#### ACTIVITY
Only the lines from the one containing "Ніжний весняний образ, що" to the end of the records belong in the copy. Reproduce them word for word and drop the pictures.

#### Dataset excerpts
◆ ◆ ◆ ◆ ◆ ◆ ◆
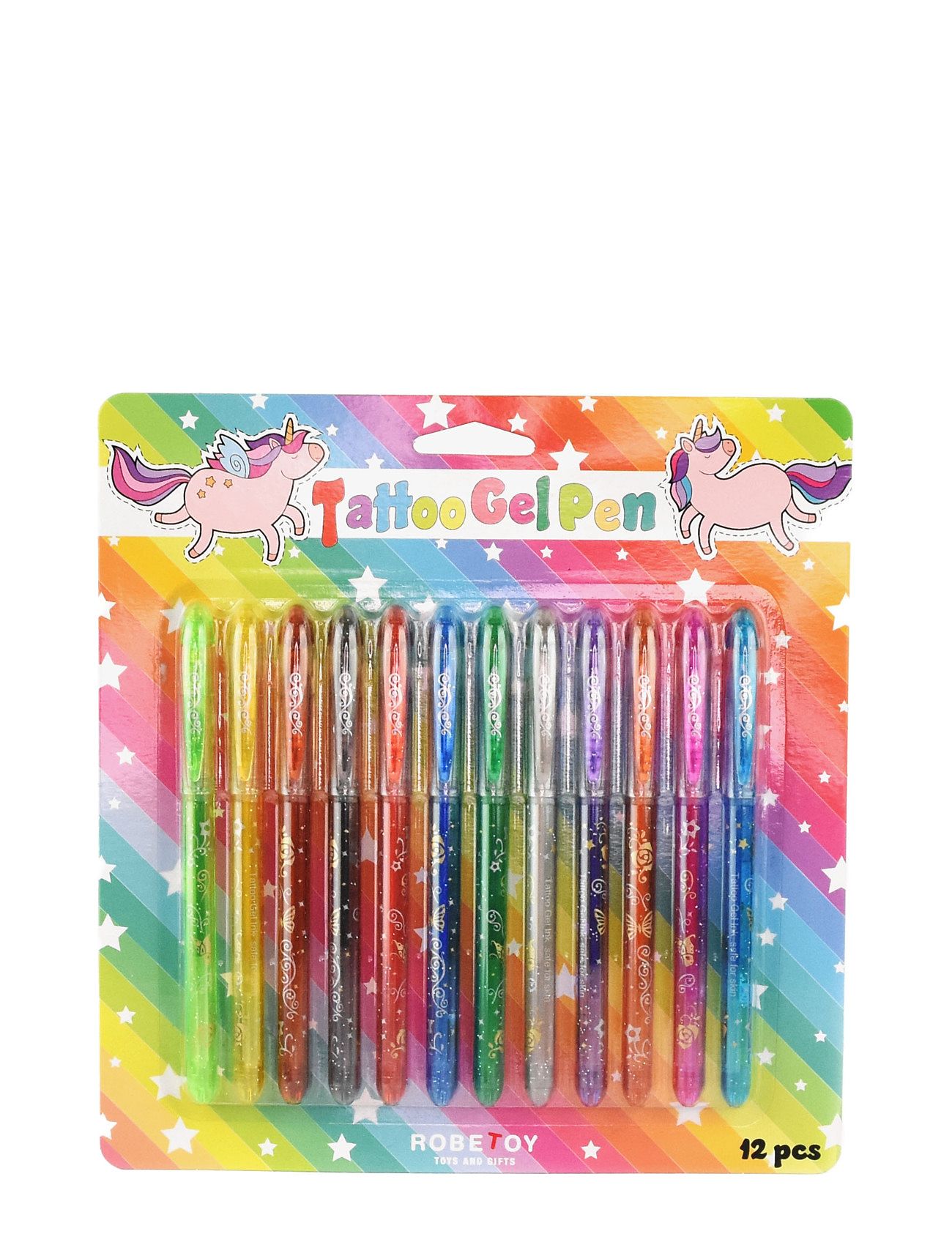 AOMIG Tattoo Pen Set, 6 Glitter Color Marker Tatuering Penna med 9 schabloner och 2 ansiktsfärgade strass, Tattoo Gel Pens Set för pojkar Flickor Halloween Party Dress Up
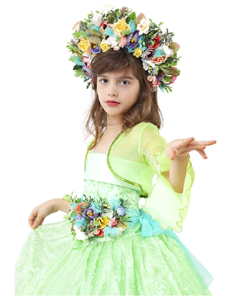 Ніжний весняний образ, що поєднує свіжість зелені, яскраві квіти та легкість казкового настрою. Цей витончений костюм створює образ справжньої володарки весни — легкої, квітучої та сяючої. Повітряна сукня ніжно-зеленого відтінку гармонійно поєднується з яскравими квітковими акцентами на талії та розкішним вінком, що додає святковості кожному руху. Чудовий вибір для оренди карнавальних костюмів на ранки, фотосесії та виступи.
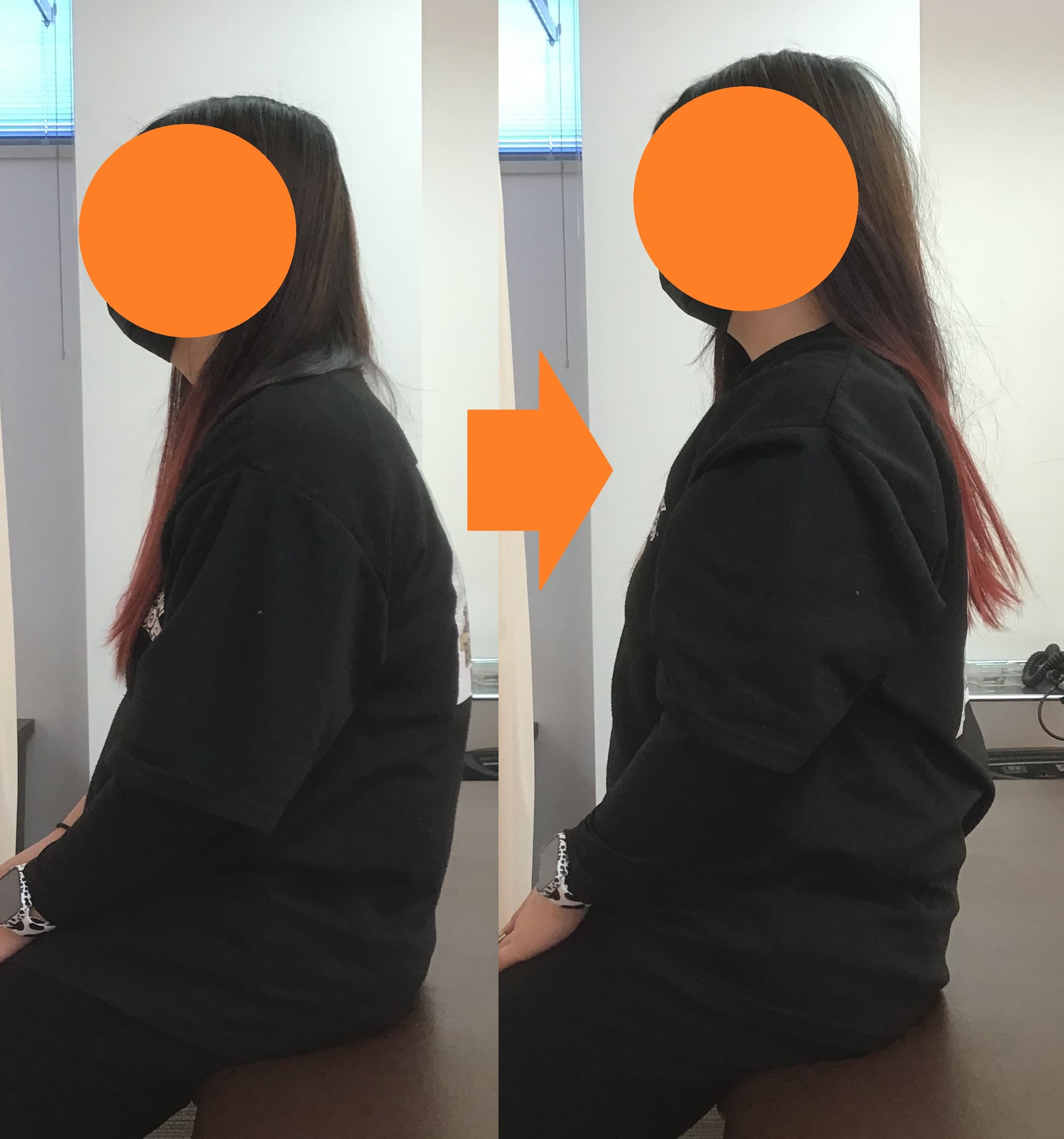 【姿勢のビフォーアフター写真】
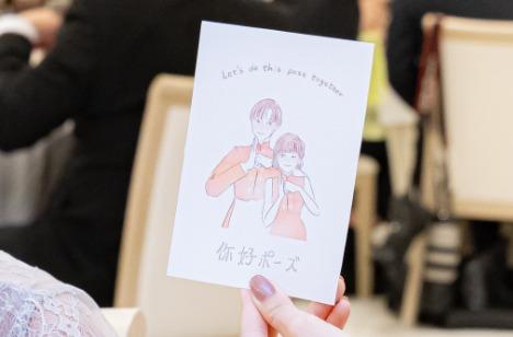 お色直しにオレンジのカラードレスと青のタキシードを選ばれ、華やかな雰囲気のお色直し入場後はゲストのテーブルを順番に周られたおふたり。おふたりの中座中に各卓代表の方に新婦手作りの「ポーズカード」をお選びいただき、カードに合わせたポーズで普段と違う表情のお写真を撮影されました。友人の皆様からの「おめでとう!」の声に迎えられ、歓談もまじえながらおふたりもリラックスした様子でご挨拶をされていました♪
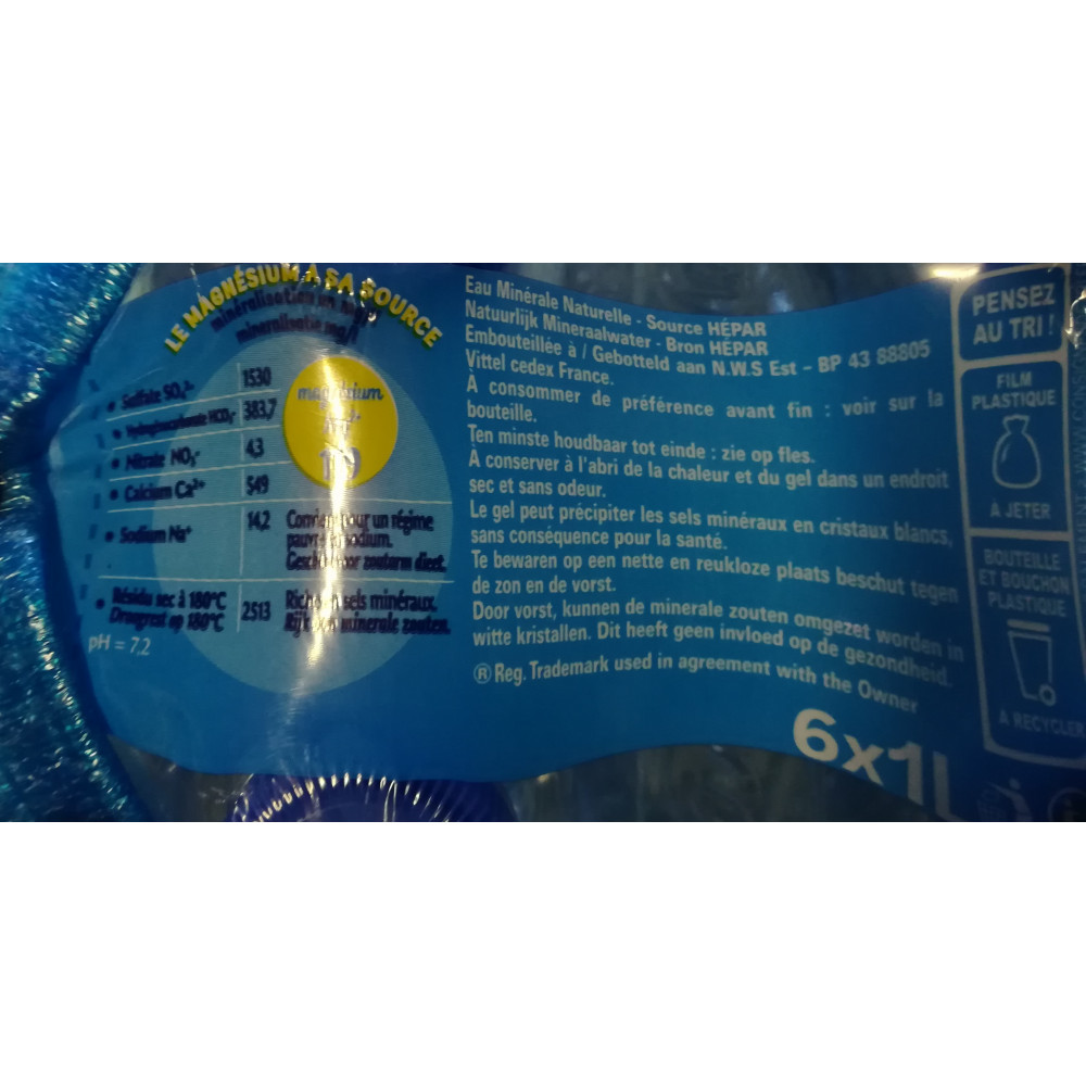 Une eau minérale naturelle unique : HEPAR facilite le transit intestinal*. De plus, la consommation d'1 litre permet de couvrir 31% des apports recommandés en magnésium. * HEPAR peut être laxative. Boire 1 litre d'HEPAR par jour dans le cadre d'une alimentation variée et équilibrée et d'un mode de vie sain.
◆ ◆ ◆ ◆ ◆ ◆ ◆
#### SOLUTION FOR THIS PROBLEM
 Ніжний весняний образ, що поєднує свіжість зелені, яскраві квіти та легкість казкового настрою. Цей витончений костюм створює образ справжньої володарки весни — легкої, квітучої та сяючої. Повітряна сукня ніжно-зеленого відтінку гармонійно поєднується з яскравими квітковими акцентами на талії та розкішним вінком, що додає святковості кожному руху. Чудовий вибір для оренди карнавальних костюмів на ранки, фотосесії та виступи.
 【姿勢のビフォーアフター写真】
 お色直しにオレンジのカラードレスと青のタキシードを選ばれ、華やかな雰囲気のお色直し入場後はゲストのテーブルを順番に周られたおふたり。おふたりの中座中に各卓代表の方に新婦手作りの「ポーズカード」をお選びいただき、カードに合わせたポーズで普段と違う表情のお写真を撮影されました。友人の皆様からの「おめでとう!」の声に迎えられ、歓談もまじえながらおふたりもリラックスした様子でご挨拶をされていました♪
 Une eau minérale naturelle unique : HEPAR facilite le transit intestinal*. De plus, la consommation d'1 litre permet de couvrir 31% des apports recommandés en magnésium. * HEPAR peut être laxative. Boire 1 litre d'HEPAR par jour dans le cadre d'une alimentation variée et équilibrée et d'un mode de vie sain.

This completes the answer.